Less than three weeks before last year’s election, Donald Trump traveled to Gettysburg to lay out his priorities for his first 100 days as president. One aide compared the speech to the GOP's 1994 "Contract with America."
"On Nov. 8th, Americans will be voting for this 100-day plan to restore prosperity to our country, secure our communities and honesty to our government.
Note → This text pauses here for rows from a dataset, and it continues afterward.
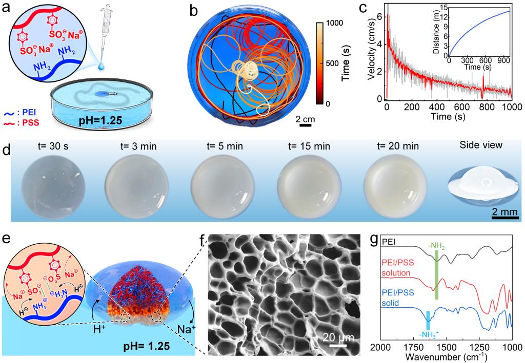 聚乙烯亚胺(PEI)和聚苯乙烯磺酸钠(PSS)水溶液(25 wt%)的pH值为13左右,此时,胺基的质子化和PEI/PSS的络合作用很弱,PEI/PSS可以形成均匀溶液。而将PEI/PSS溶液(20 μL)滴在酸性水溶液(pH=1.25,图1a)上时,令人惊讶的是,PEI/PSS液滴并没有溶解,而是自发地在水-空气界面移动(图1b)。在自主推进过程中,PEI/PSS游泳者逐渐由透明变为不透明,形成类似UFO的形状(图1d)。这种相转变过程是PEI/PSS络合导致的。由于周围的水溶液呈酸性,质子通过液滴界面扩散到液滴内,触发PEI/PSS络合(图1e),并形成了一个薄的固体边界(图1f),最终会导致完全固化。FTIR证实了络合物中质子化氨基的存在。
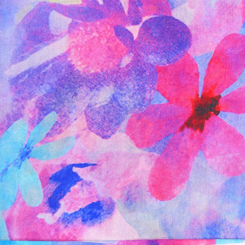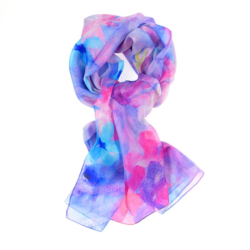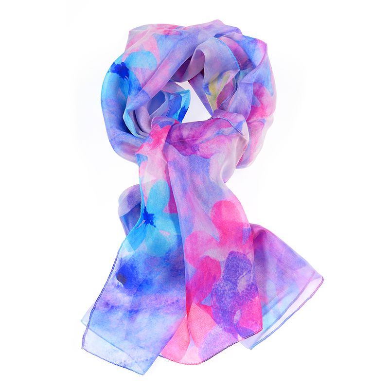 Esarfa din matase naturala ce impresioneaza prin imprimeul floral in stil acuarela, cu accente vibrante de roz, albastru si lila. Un accesoriu diafan si colorat, perfect pentru tinute romantice.
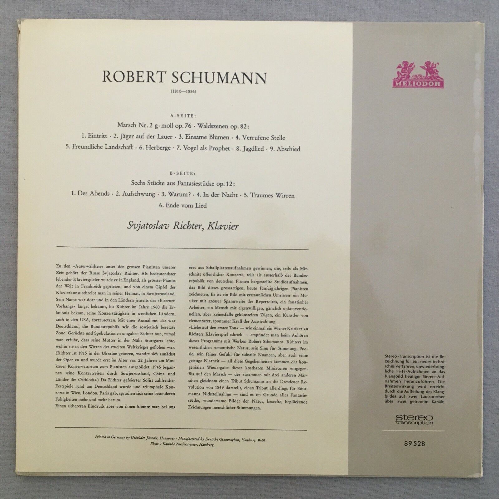 V532 Schumann March Scenes Fantasy Pieces Richter Piano Heliodor 89 528 Stereo
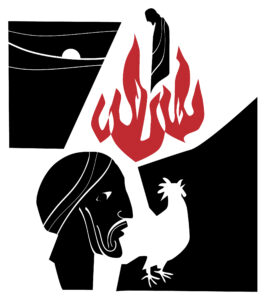 Peter has three chances to confess that he knows Christ. Three times Peter fails. He would have to live for a while with the overwhelming emptiness of his disloyalty and failure. We know that weakness of the flesh, too, when we deny Jesus with our words or behavior, seeking to avoid negative consequences to our reputation or our income or our life. Apart from Christ, Peter can do nothing, in spite of his good intentions.

This is my pledge to you,” Trump vowed in Gettysburg.
Called "Donald Trump's Contract With The American Voter," he pledged to immediately pursue multiple measures, including renegotiating NAFTA, proposing a Constitutional Amendment to impose term limits on all members of Congress, and labeling China as a currency manipulator.
Now approaching his first 100 days in office, with nary a substantial accomplishment to his name save the confirmation of a Supreme Court justice (thanks, Mitch McConnell), Trump is suddenly slamming his own 100-day vision as a “ridiculous standard.”
On the 92nd day of his presidency, Trump woke up and tweeted, “No matter how much I accomplish during the ridiculous standard of the first 100 days, & it has been a lot (including S.C.), media will kill!”
According to a recent Politico report, Trump’s campaign pledges about his first 100 days “hangs over the West Wing like the sword of Damocles as the unofficial deadline to find its footing — or else."
In a new poll released Thursday, 24 percent of voters gave Trump an F when asked to grade his first three months in office. He's even struggling among his own base: 42 percent of Trump voters graded his first 100 days a B, and another 23 percent give him a C or below.